Description: For intricate code, specify modifications or comparisons to existing files. Why It Works: Supports modular engineering; integrates with tool-calling for code tools. Example: “Modify this file to add authentication. Different from original: Use JWT instead of sessions. [paste code].”

23. Create or Modify Files

Description: Instruct creation or editing of files, inserting code as needed. Why It Works: Simulates IDE workflows; pairs with serialized output for automation. Example: “Create a new TypeScript file: index.ts. Insert this code: [paste snippet]. Format with Prettier, 80-char width.”

24. Use Direct Prompting for General Tasks

Description: Keep prompts straightforward and action-oriented for everyday queries. Why It Works: Baseline for zero-shot; efficient for quick info or generation. Example: “List top 5 front-end trends in 2025.”

25. Find Information and Keep Conversation

Description: Search or recall info on specific words/topics, then continue the dialogue. Why It Works: Uses tool-calling (e.g., web search); maintains context in multi-turn chats. Example: “Find on the web: Latest React 19 features. Then ask: What do you want to know next?”

26. Chain Requirements

Description: List must-follow rules in sequence to ensure compliant output. Why It Works: Enforces constraints; similar to rule-based prompting in safety-aligned models. Example: “Generate HTML: 1. Use semantic tags. 2. Add ARIA attributes. 3. Validate for accessibility.”

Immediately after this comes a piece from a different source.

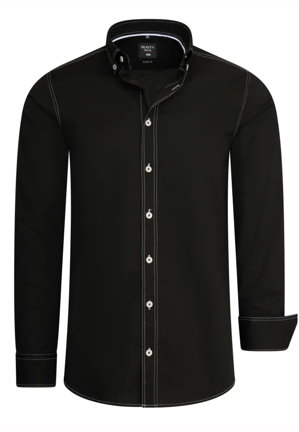 Slim fit overhemd met lange mouwen en contrasterende stiksels

27. Use Tools or Serialize Output

Description: Invoke tools (e.g., APIs) when needed, and format output as serialized data like JSON. Why It Works: Enables integration with external systems; from agentic frameworks like AutoGPT. Example: “Use a math tool to solve \(x^2 + 3x – 4 = 0\). Output in JSON: {‘roots’: [values]}.”Human, is that the answer? Does that make sense? Do you have questions to ask or develop?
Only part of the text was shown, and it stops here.